When the listing below reaches the line that has "Với sự cổ vũ", start reproducing exactly; stop after the line that has "- 9/11/2010 –", and drop the pictures.

▶ [Input material]:
####################
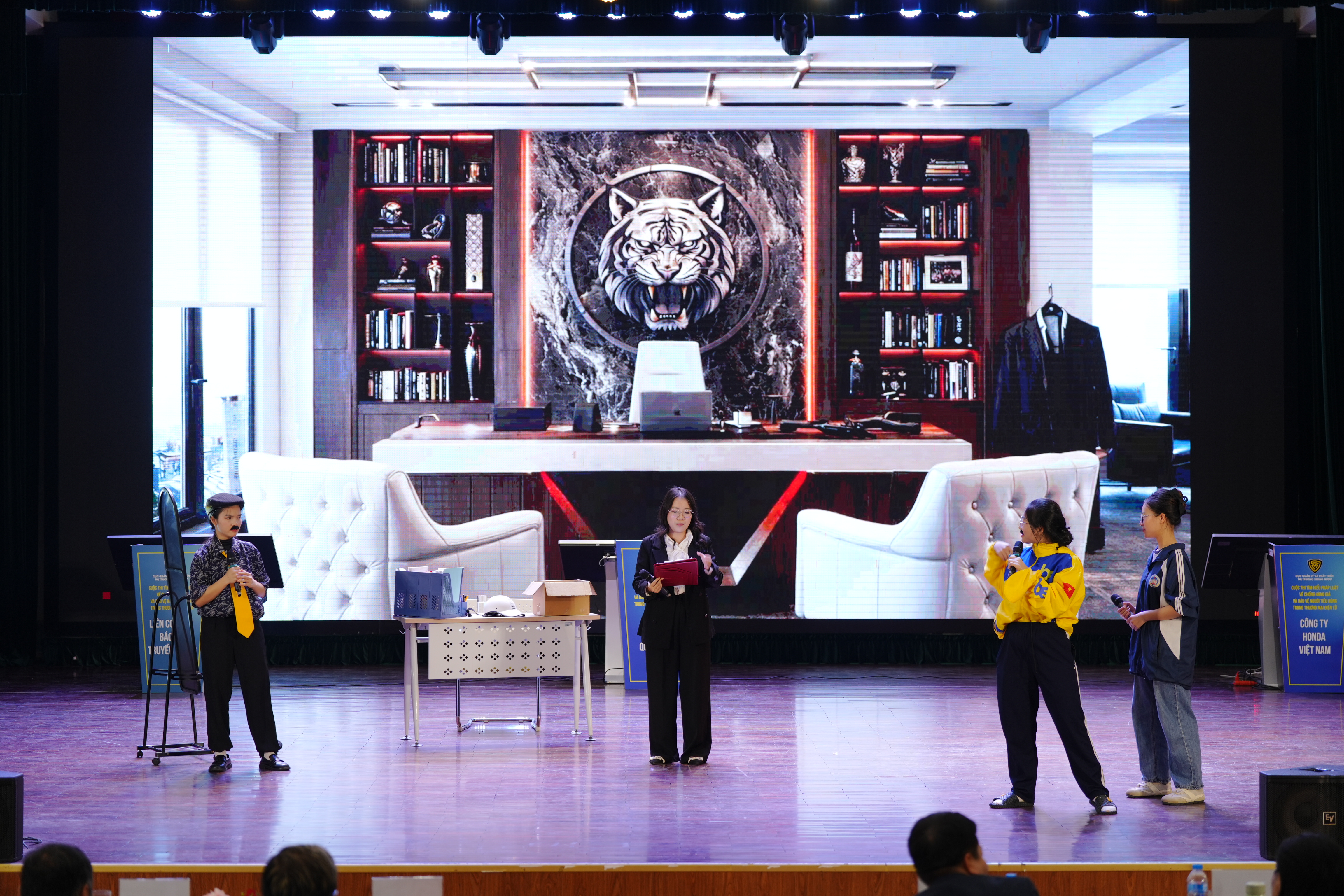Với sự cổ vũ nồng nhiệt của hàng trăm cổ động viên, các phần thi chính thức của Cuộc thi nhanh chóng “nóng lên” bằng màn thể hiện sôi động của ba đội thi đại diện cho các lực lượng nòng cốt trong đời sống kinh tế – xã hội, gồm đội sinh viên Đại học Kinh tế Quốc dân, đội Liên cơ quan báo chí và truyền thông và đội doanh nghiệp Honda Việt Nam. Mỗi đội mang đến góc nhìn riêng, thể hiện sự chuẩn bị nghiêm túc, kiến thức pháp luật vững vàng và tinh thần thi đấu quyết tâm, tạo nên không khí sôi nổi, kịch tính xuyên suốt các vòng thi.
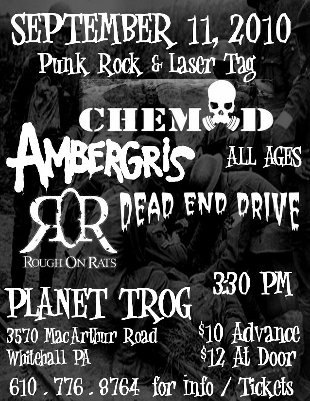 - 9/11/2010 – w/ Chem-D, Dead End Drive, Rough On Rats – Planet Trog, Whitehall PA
####################
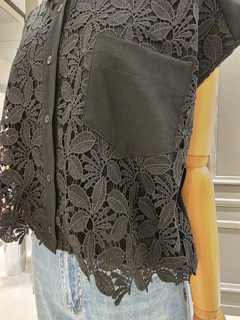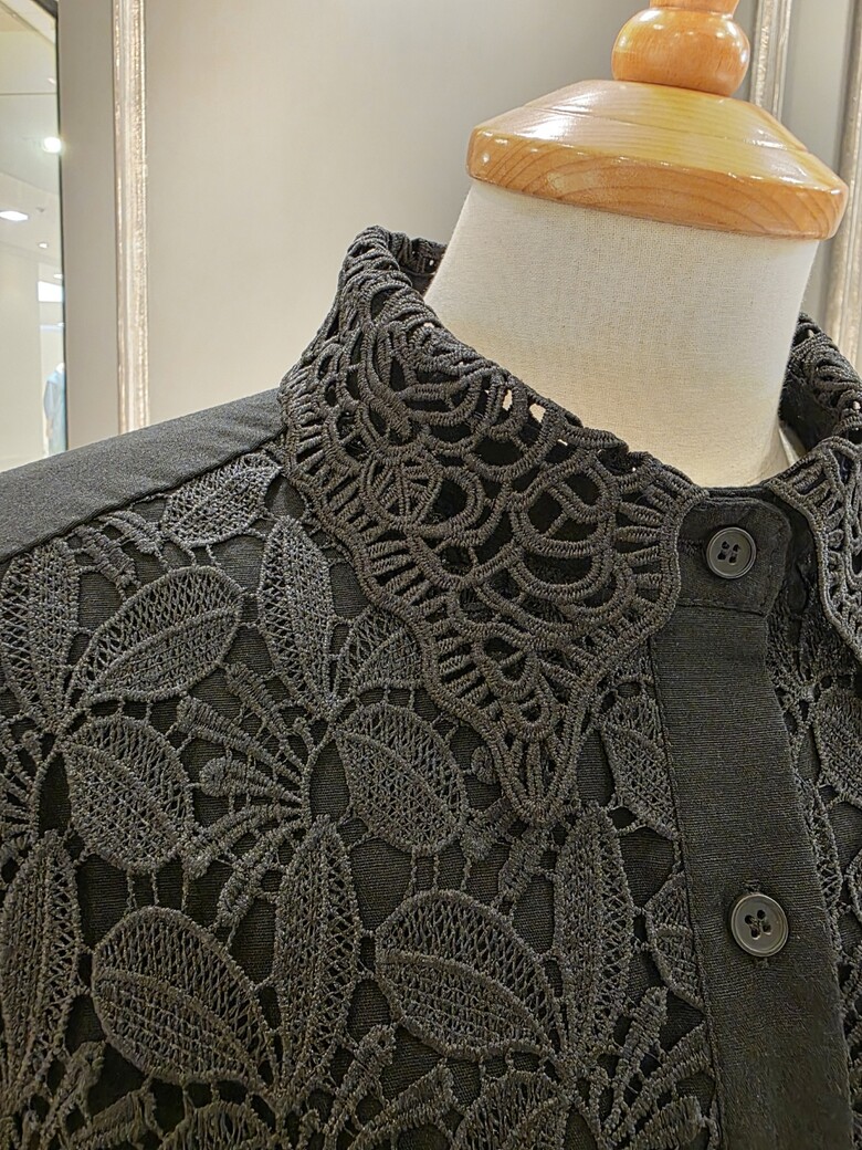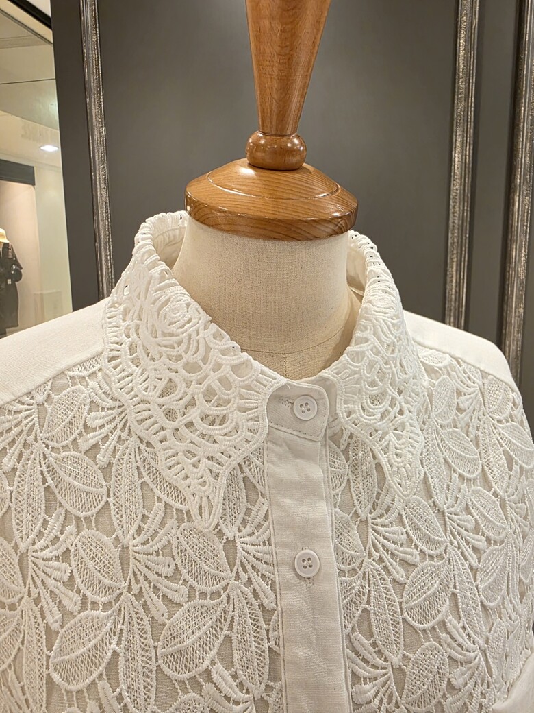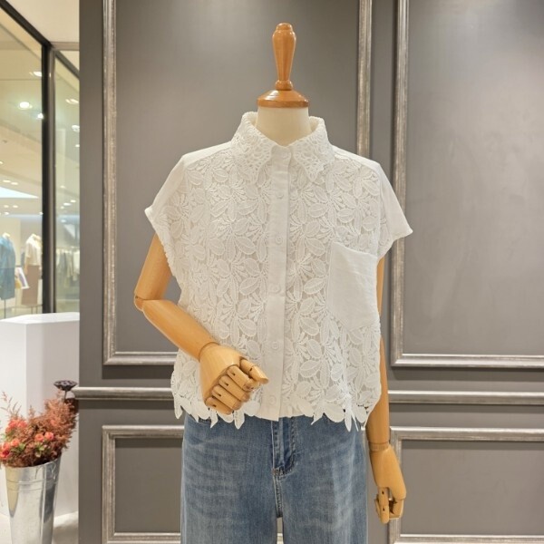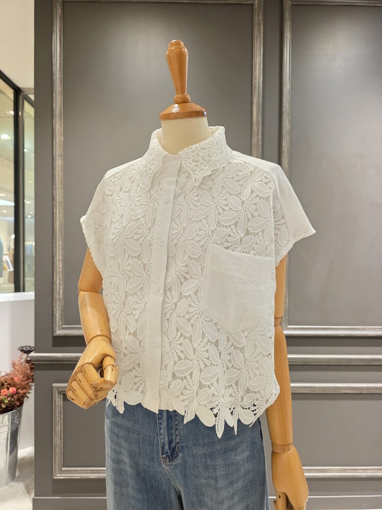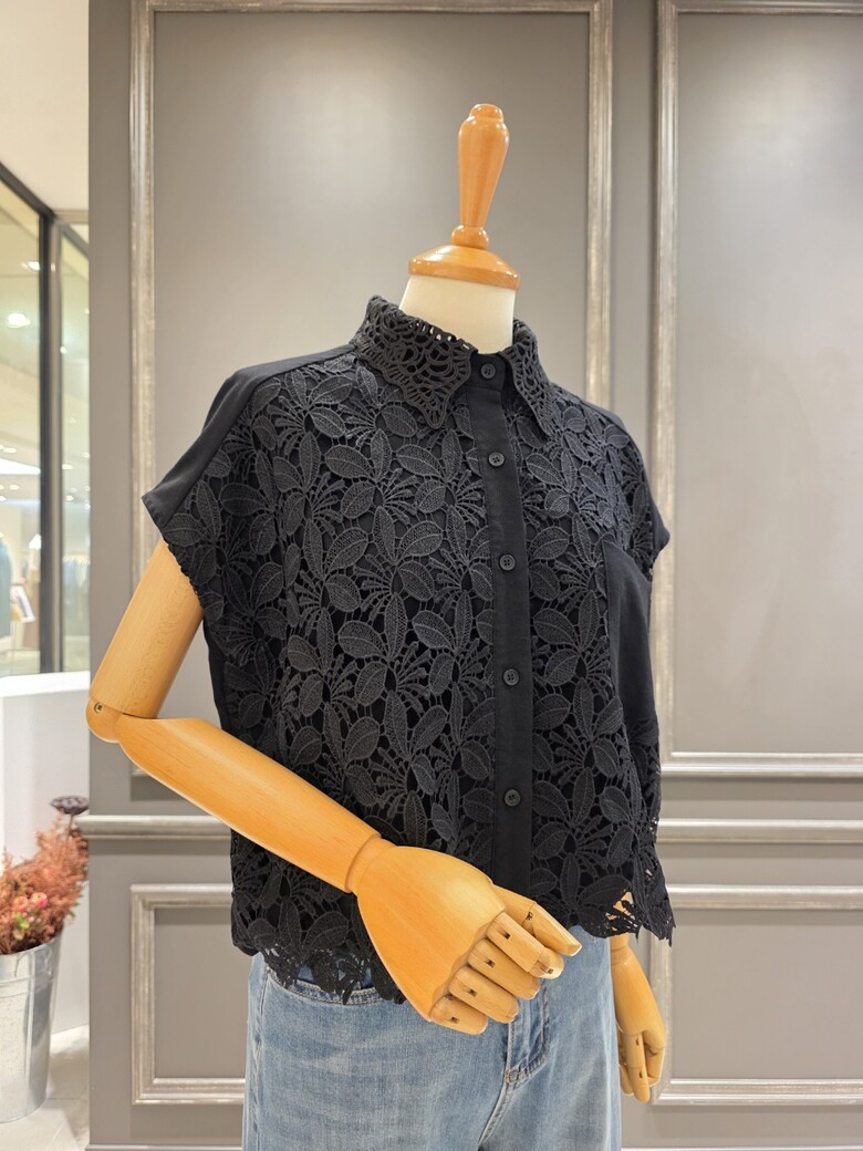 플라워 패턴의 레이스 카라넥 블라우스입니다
####################
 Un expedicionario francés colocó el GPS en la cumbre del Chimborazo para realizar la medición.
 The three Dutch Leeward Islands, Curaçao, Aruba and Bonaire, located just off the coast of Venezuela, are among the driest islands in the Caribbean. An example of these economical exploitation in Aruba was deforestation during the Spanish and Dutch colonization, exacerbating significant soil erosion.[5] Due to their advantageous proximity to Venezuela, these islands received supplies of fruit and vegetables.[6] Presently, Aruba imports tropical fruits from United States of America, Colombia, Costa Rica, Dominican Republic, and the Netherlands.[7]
####################
▶ [Finished task]:
Với sự cổ vũ nồng nhiệt của hàng trăm cổ động viên, các phần thi chính thức của Cuộc thi nhanh chóng “nóng lên” bằng màn thể hiện sôi động của ba đội thi đại diện cho các lực lượng nòng cốt trong đời sống kinh tế – xã hội, gồm đội sinh viên Đại học Kinh tế Quốc dân, đội Liên cơ quan báo chí và truyền thông và đội doanh nghiệp Honda Việt Nam. Mỗi đội mang đến góc nhìn riêng, thể hiện sự chuẩn bị nghiêm túc, kiến thức pháp luật vững vàng và tinh thần thi đấu quyết tâm, tạo nên không khí sôi nổi, kịch tính xuyên suốt các vòng thi.
 - 9/11/2010 – w/ Chem-D, Dead End Drive, Rough On Rats – Planet Trog, Whitehall PA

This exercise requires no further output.